Sperm morphology is routinely evaluated as part of a standard semen analysis. Morphology refers to the size and shape of the sperm. The results of a sperm morphology exam indicate the percentage of sperm that appear normal when semen is viewed under a microscope. Abnormal sperm morphology may be a contributing factor in infertility.
Normal sperm have an oval head with a long tail. Abnormal sperm may have head or tail defects such as a large or misshapen head or a crooked or double tail. These defects may impair the ability of the sperm to reach and fertilize an egg.
Causes of abnormal morphology include:
- Testicular abnormalities that are present at birth (congenital)
- Enlargement of veins within the scrotum (varicocele)
- High fever
- Illicit drug use
The best recommendation is to repeat the semen analysis in four to six weeks to determine if the changes in morphology are temporary or permanent.
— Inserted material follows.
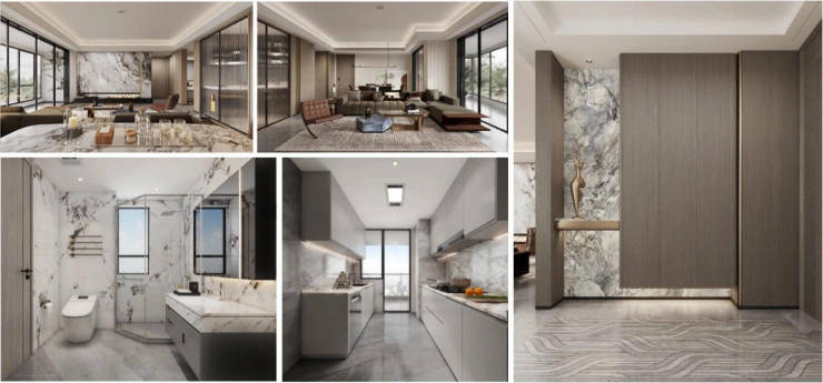 厨房操作空间升级使用岩板为背景、配置凉霸,烹饪更舒适;洗脸柜通透到顶、浴室壁龛收纳等,以同频世界的审美力,成为创造美好生活的原动力

Even with poor morphology, pregnancy may still be possible. Intrauterine insemination or in vitro fertilization methods are sometimes needed.
Sperm Morphology assessed by videomicrography or simple photography, at least 60 % of sperm should be normal oval shape & size.
Sperm Morphological Abnormalities are
- Micro cephalic Sperm - Small Sperm
- Macro cephalic Sperm - Large Sperm
- Tapered Sperm
- Amorphous sperm with midpiece and and tail defect
- Teratospermia is defined as more than 40 % of abnormal sperm cells.
The detection of Asthenospermia & Teratospermia should be followed by through Urological evaluation.